_Directions:_ Restate the data below word for word. Leave the images out.

══ Recorded information ══

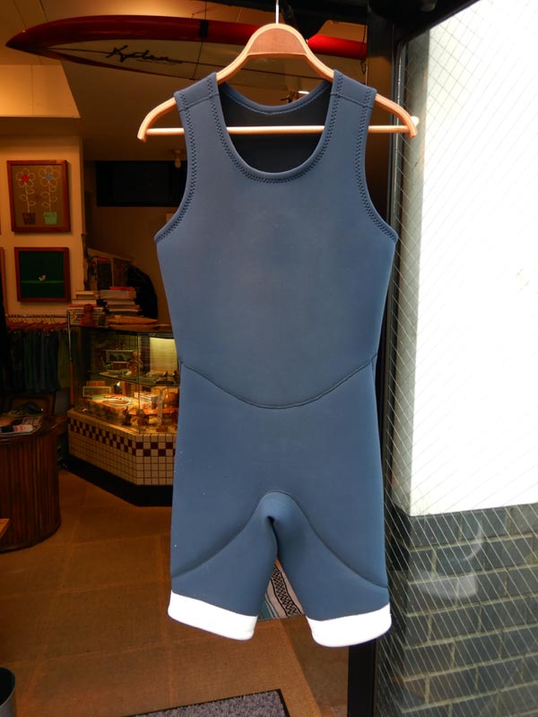 袖にストライプを入れたり、ロングジョン(ショートジョンでも)の胸にカラージャージを使ったり、いろいろできます。私はこんなショートジョンを作ってもらいました。そういえば、ちょっと前にウェットパンツも作りました。
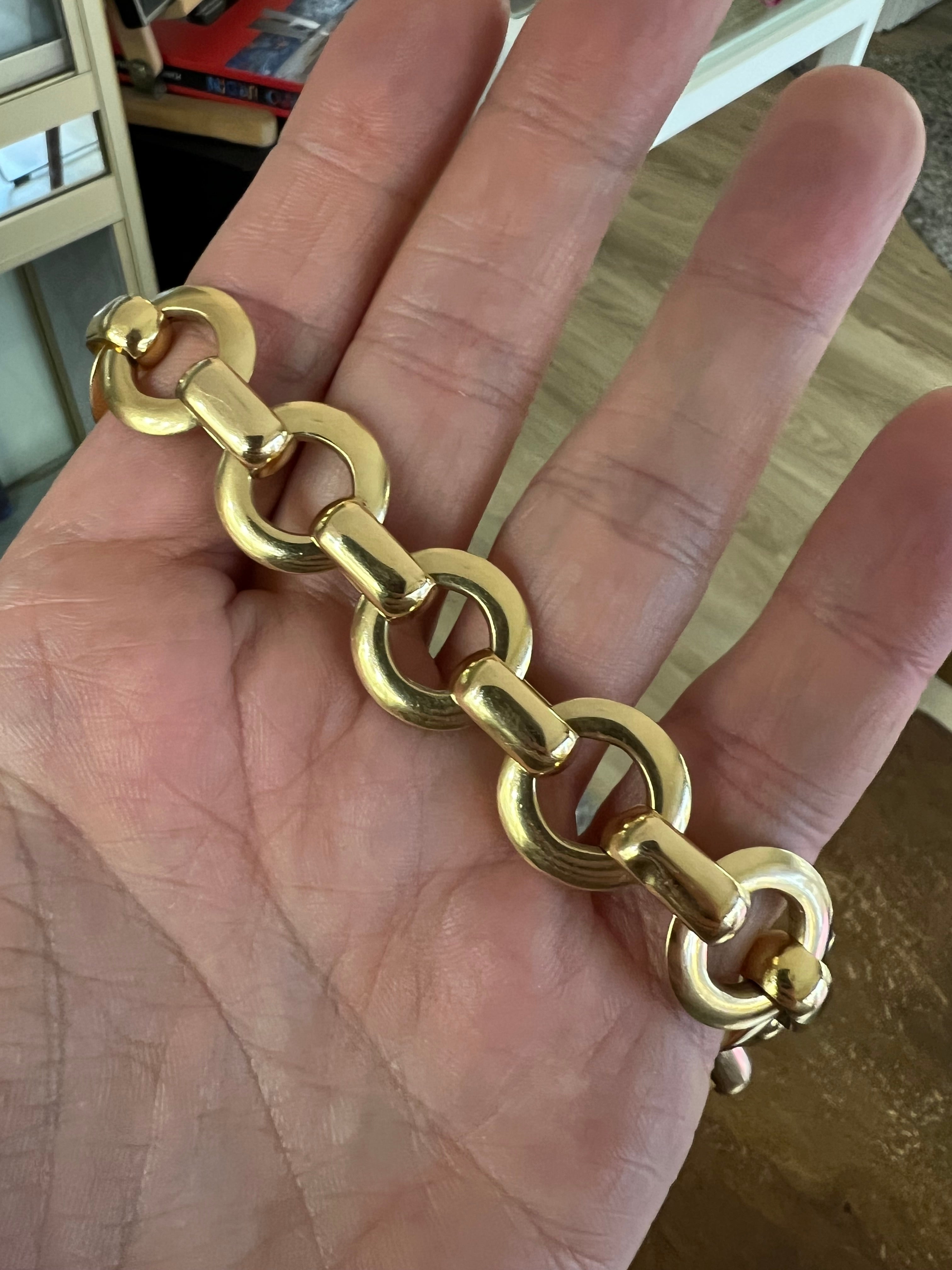 A lovely vintage bracelet, made circa 1970. Made in yellow gold 18k, it weights 41.57 grams.
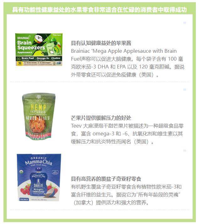 北美的消費者認識到需要在他們的飲食中加入更多的水果。因此,水果零食公司正在用更多功能性和營養豐富的成分(如酸奶或奇亞籽)來增加水果的天然健康成分。這可以引起尋求支持免疫系統或改善腸道/消化系統健康的消費者的共鳴。

═══

_Answer:_
 袖にストライプを入れたり、ロングジョン(ショートジョンでも)の胸にカラージャージを使ったり、いろいろできます。私はこんなショートジョンを作ってもらいました。そういえば、ちょっと前にウェットパンツも作りました。
 A lovely vintage bracelet, made circa 1970. Made in yellow gold 18k, it weights 41.57 grams.
 北美的消費者認識到需要在他們的飲食中加入更多的水果。因此,水果零食公司正在用更多功能性和營養豐富的成分(如酸奶或奇亞籽)來增加水果的天然健康成分。這可以引起尋求支持免疫系統或改善腸道/消化系統健康的消費者的共鳴。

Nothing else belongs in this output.